Middle East conflict unlikely to hurt Indian economy’s structural strength, says Radhika Rao of DBS Bank

The US-Israel military operation against Iran, which began on 28 February, has spooked the financial markets and global trade. With attacks extending to energy infrastructure, including gas facilities and production sites in the Gulf, governments and financial markets fear that the conflict may escalate further. In an email interview with Livemint, Radhika Rao, senior economist & executive director, DBS Bank,shares her views on the likely impact of escalating Middle East tensions on interest rate changes.

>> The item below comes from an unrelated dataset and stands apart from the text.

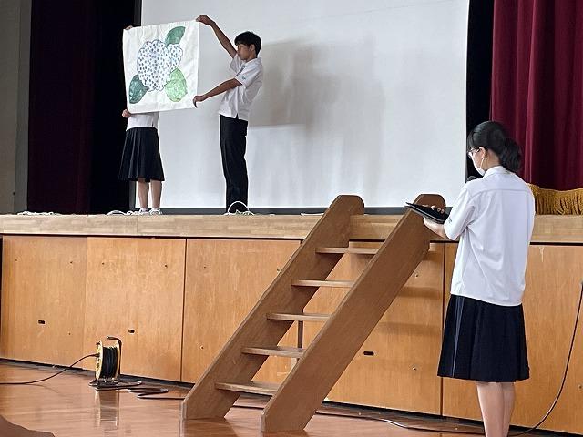 続いて生徒会から、専門員会からのお知らせの後、9月に行われる体育祭の団決めの抽選会を行いました。生徒会執行部の工夫により、とても盛り上がりました。
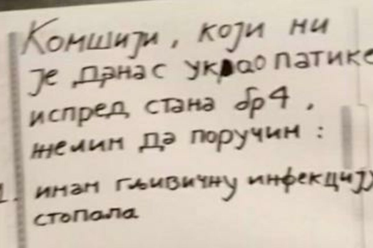 On kaže da mu je neko ukrao patike koje su bile ispred stana, ali je želeo da izbegne sukob. Međutim, čini se da je komšija lopov mnogo gore prošao:

She also gives her reasons explaining why this conflict is unlikely to disrupt the structural strengths of the Indian economy. She spoke about her expectations for the future price movement of the Indian rupee, which has been on the back foot even before the conflict started.

Rao highlighted why ‘diversification’ in the mix of trading and investment partners is important for India to become a $10 trillion economy. The economist also elucidated how a trade deal with the US would open new opportunities for Indian exporters.

Edited Excerpts

Amid growing tensions in the Middle East, do you think the Reserve Bank of India (RBI) would opt for a repo rate cut in 2026?

The RBI monetary policy committee had lowered benchmark rates in 2025 by utilising the then- available real rate buffer, even as the growth momentum was firm. As this window narrowed, we maintained our baseline view of a prolonged pause beyond December 2025. More recently, escalating tensions in the Middle East and resultant risks from pipeline inflationary pressure further cement our view that the MPC will prefer to keep rates unchanged.

A weaker rupee adds to that conviction, as the risk of imported price pressures has also increased in light of the sharp rally in global crude prices. An extended conflict will introduce inflationary pressures via retail fuel price adjustments (on direct pass-through), higher costs of industrial raw materials, transportation, and derivative products, besides second-order effects.

Multiple wars (Russia-Ukraine and US-Israel-Iran) are happening around the world. Where is the Indian economy headed against this backdrop?

Ongoing global conflicts do introduce short-term risks to price stability and development plans, but we do not expect these geopolitical tremors to derail the structural and strategic strengths of the economy. Authorities are expected to build on the domestic-driven nature of growth, by keeping capital spending plans on track and promoting growth in medium-to-high tech sectors like semiconductors, electronics, renewables, and defence manufacturing.

Prior to the recent Middle East tensions, consumption was exhibiting signs of resilience, and we expect that to sustain when the external hostilities are scaled back. India’s geopolitical positioning in light of several trade agreements and supply chain realignment will also make the recovery more durable, as we maintain our growth forecast for FY27 with modest downside risks.

The rupee internationalisation plan, set rolling by trade settlements, will also be expedited to lower the impact of volatility through USD-based FX channels.

Rupee has been getting weaker day by day. What are your views on the future trajectory of Indian rupee?

The rupee was already on the back foot before tensions in the Middle East intensified, with a swift move to fresh lows driven by a bid US dollar and broader risk aversion. The ongoing conflict has worsened vulnerabilities in trade and current account, aggravated by weak flows as investors have trimmed exposure to emerging markets amid demand for safe-haven assets.

Beyond the near-term volatility due to external triggers, we expect the currency to be maintained at competitive levels and in undervalued territory, with the rupee real effective exchange rate holding below 100 since the last quarter.

This is occurring at a time when a narrow current account deficit has lowered the reliance on foreign flows compared to the taper tantrum period, though weak flows will keep the balance of payments in the red in FY27.

One of DBS Bank’s reports mentions that four key forces (known as 4Ds—development, diversification, digitalization and decarbonization) would shape India’s path to a $10-trillion economy. Which one is the most underrated and underacknowledged?

Diversification stands out, from the point of view of widening manufacturing activity, shifting strategic priorities as well as expanding the mix of trading and investment partners. Recent bilateral trade deals outside of the US are expected to strengthen ties with Europe, the UK, and select Pacific countries when the ratification process is complete.

India and the US announced the bilateral trade deal in February. Do you believe that this would boost India’s exports to America in 2026, or will the overall benefit remain limited?

India has indicated that the trade deal with the US will stay despite the IEEPA court ruling, as the terms are seen as conducive to both parties. Better market access for India’s exporters in labour-intensive sectors will also be key, especially where the previous tariff/ non-tariff barriers had given neighbouring South Asian countries an edge. Deeper tech collaboration will also be a big plus in aerospace and defence capabilities, AI and clean energy technologies.